Top of DATA SECTION
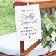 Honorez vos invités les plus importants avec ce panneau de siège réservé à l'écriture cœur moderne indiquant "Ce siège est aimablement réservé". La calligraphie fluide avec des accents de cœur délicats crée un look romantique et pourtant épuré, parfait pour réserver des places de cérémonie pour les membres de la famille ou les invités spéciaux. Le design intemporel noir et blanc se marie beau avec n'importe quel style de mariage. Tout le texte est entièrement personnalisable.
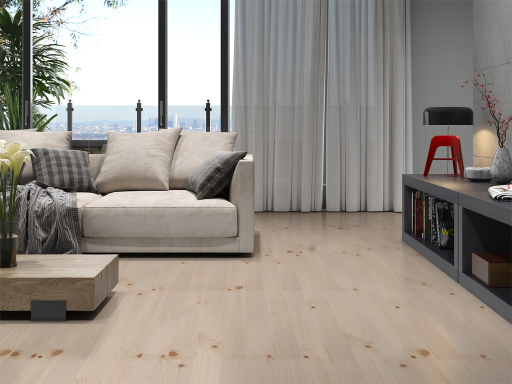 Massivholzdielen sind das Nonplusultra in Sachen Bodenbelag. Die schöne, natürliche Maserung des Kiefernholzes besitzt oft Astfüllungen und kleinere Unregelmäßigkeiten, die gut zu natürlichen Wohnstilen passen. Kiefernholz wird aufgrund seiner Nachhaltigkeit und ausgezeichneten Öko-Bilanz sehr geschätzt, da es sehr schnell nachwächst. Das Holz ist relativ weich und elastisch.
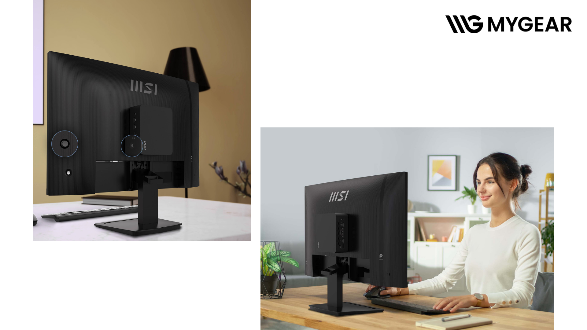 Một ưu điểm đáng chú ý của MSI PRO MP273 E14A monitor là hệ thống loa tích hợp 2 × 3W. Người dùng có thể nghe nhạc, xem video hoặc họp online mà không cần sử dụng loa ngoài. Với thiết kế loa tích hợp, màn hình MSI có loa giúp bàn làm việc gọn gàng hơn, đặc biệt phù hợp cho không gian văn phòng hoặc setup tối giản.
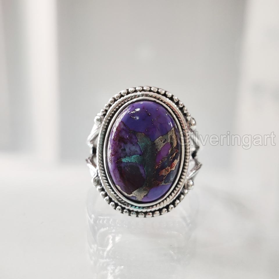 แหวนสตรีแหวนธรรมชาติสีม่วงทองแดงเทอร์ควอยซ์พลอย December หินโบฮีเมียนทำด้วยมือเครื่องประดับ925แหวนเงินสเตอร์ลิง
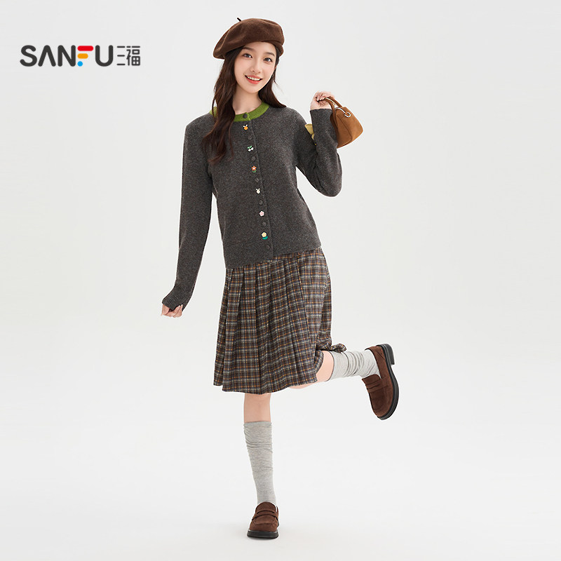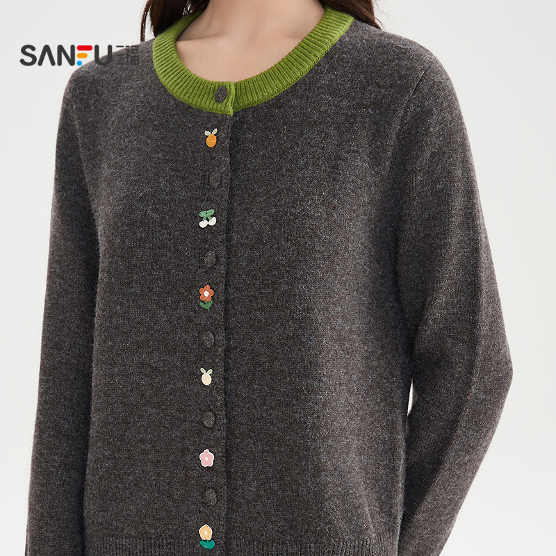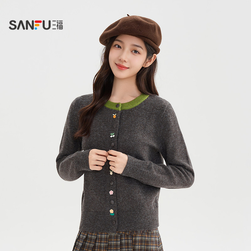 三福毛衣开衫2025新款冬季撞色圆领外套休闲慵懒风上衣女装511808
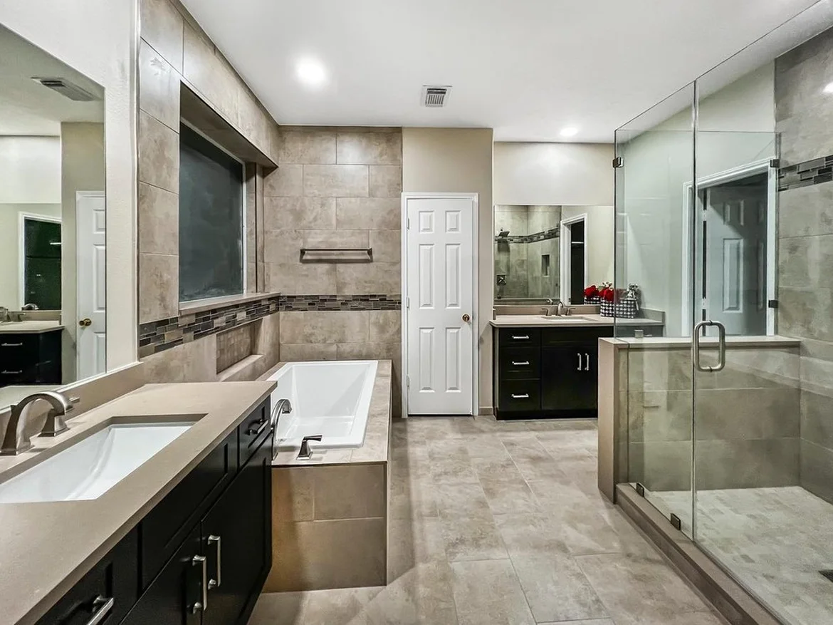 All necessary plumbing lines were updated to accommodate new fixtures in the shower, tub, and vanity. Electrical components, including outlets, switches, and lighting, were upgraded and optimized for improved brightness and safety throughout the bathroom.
Bottom of DATA SECTION
Top of DATA SECTION
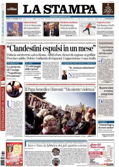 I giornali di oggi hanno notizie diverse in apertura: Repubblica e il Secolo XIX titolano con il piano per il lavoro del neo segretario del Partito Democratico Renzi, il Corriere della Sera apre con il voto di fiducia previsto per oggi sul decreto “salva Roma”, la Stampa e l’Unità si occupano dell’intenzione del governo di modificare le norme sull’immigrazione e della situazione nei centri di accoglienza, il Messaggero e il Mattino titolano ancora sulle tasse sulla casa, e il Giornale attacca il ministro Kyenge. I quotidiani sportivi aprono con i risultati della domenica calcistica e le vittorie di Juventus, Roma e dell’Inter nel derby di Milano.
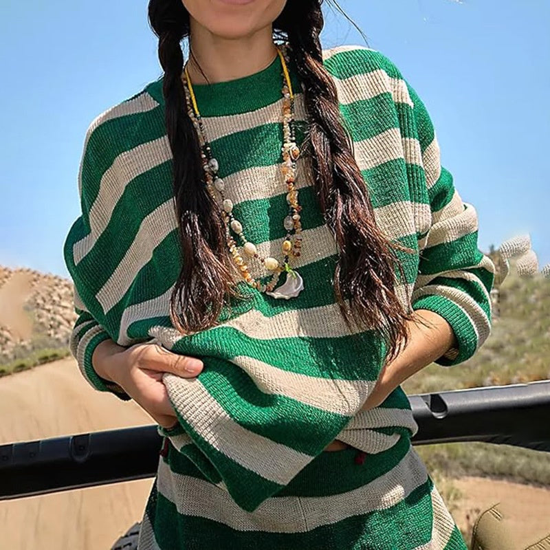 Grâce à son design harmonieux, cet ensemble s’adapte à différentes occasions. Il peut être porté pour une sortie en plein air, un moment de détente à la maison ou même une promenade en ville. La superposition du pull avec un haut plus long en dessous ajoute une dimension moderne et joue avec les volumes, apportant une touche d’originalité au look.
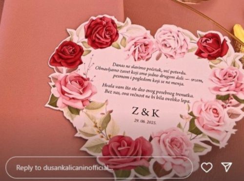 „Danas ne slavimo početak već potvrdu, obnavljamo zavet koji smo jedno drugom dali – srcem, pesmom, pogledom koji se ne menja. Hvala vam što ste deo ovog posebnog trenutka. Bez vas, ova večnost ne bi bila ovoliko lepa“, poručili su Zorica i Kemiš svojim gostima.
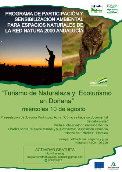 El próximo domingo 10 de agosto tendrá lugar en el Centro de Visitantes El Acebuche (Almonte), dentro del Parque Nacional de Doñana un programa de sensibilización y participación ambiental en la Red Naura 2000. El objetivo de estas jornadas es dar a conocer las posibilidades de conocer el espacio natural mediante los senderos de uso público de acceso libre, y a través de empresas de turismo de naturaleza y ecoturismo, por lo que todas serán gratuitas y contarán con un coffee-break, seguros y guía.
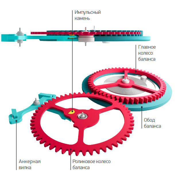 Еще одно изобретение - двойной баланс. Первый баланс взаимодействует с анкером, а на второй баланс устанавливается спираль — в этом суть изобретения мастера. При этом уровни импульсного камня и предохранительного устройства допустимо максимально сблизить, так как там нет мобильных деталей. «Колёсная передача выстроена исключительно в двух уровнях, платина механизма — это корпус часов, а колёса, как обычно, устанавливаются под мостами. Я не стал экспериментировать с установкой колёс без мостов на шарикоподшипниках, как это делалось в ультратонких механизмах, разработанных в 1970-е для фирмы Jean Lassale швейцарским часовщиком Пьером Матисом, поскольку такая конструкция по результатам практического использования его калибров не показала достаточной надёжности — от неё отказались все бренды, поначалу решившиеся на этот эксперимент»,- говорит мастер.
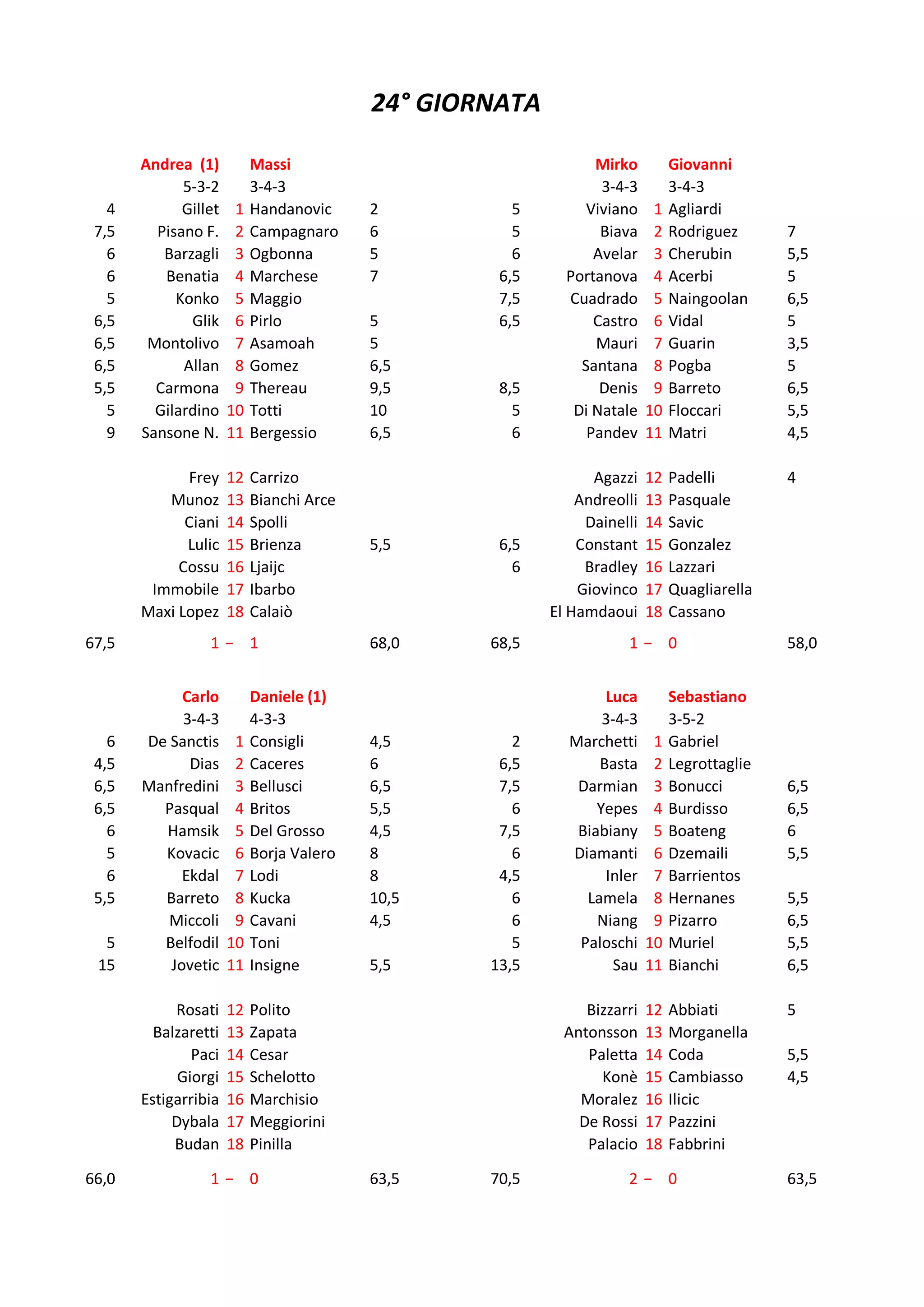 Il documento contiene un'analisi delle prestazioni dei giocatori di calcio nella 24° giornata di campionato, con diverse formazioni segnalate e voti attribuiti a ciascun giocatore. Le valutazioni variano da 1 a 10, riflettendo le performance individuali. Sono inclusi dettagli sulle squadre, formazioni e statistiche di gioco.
Bottom of DATA SECTION
Top of DATA SECTION
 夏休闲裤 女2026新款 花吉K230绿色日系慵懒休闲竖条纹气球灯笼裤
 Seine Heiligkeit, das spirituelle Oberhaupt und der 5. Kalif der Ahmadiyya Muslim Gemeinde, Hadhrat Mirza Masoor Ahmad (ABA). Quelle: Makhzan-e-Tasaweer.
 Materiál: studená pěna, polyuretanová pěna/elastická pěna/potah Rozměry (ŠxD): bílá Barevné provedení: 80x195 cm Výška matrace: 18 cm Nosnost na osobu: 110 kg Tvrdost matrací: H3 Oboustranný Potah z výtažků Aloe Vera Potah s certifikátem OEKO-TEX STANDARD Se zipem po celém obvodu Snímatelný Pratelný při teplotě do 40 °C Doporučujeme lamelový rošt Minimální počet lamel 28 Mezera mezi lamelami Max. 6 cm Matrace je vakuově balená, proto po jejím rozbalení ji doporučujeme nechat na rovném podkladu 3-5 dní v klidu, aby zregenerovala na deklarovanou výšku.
Bottom of DATA SECTION
# ABOUT THIS EXERCISE
For this exercise, transcribe exactly the part of the records above that opens with the line containing "I giornali di" and closes with the one containing "El próximo domingo". Pictures are not part of the copy.

# SOLUTION FOR THIS TASK
 I giornali di oggi hanno notizie diverse in apertura: Repubblica e il Secolo XIX titolano con il piano per il lavoro del neo segretario del Partito Democratico Renzi, il Corriere della Sera apre con il voto di fiducia previsto per oggi sul decreto “salva Roma”, la Stampa e l’Unità si occupano dell’intenzione del governo di modificare le norme sull’immigrazione e della situazione nei centri di accoglienza, il Messaggero e il Mattino titolano ancora sulle tasse sulla casa, e il Giornale attacca il ministro Kyenge. I quotidiani sportivi aprono con i risultati della domenica calcistica e le vittorie di Juventus, Roma e dell’Inter nel derby di Milano.
 Grâce à son design harmonieux, cet ensemble s’adapte à différentes occasions. Il peut être porté pour une sortie en plein air, un moment de détente à la maison ou même une promenade en ville. La superposition du pull avec un haut plus long en dessous ajoute une dimension moderne et joue avec les volumes, apportant une touche d’originalité au look.
 „Danas ne slavimo početak već potvrdu, obnavljamo zavet koji smo jedno drugom dali – srcem, pesmom, pogledom koji se ne menja. Hvala vam što ste deo ovog posebnog trenutka. Bez vas, ova večnost ne bi bila ovoliko lepa“, poručili su Zorica i Kemiš svojim gostima.
 El próximo domingo 10 de agosto tendrá lugar en el Centro de Visitantes El Acebuche (Almonte), dentro del Parque Nacional de Doñana un programa de sensibilización y participación ambiental en la Red Naura 2000. El objetivo de estas jornadas es dar a conocer las posibilidades de conocer el espacio natural mediante los senderos de uso público de acceso libre, y a través de empresas de turismo de naturaleza y ecoturismo, por lo que todas serán gratuitas y contarán con un coffee-break, seguros y guía.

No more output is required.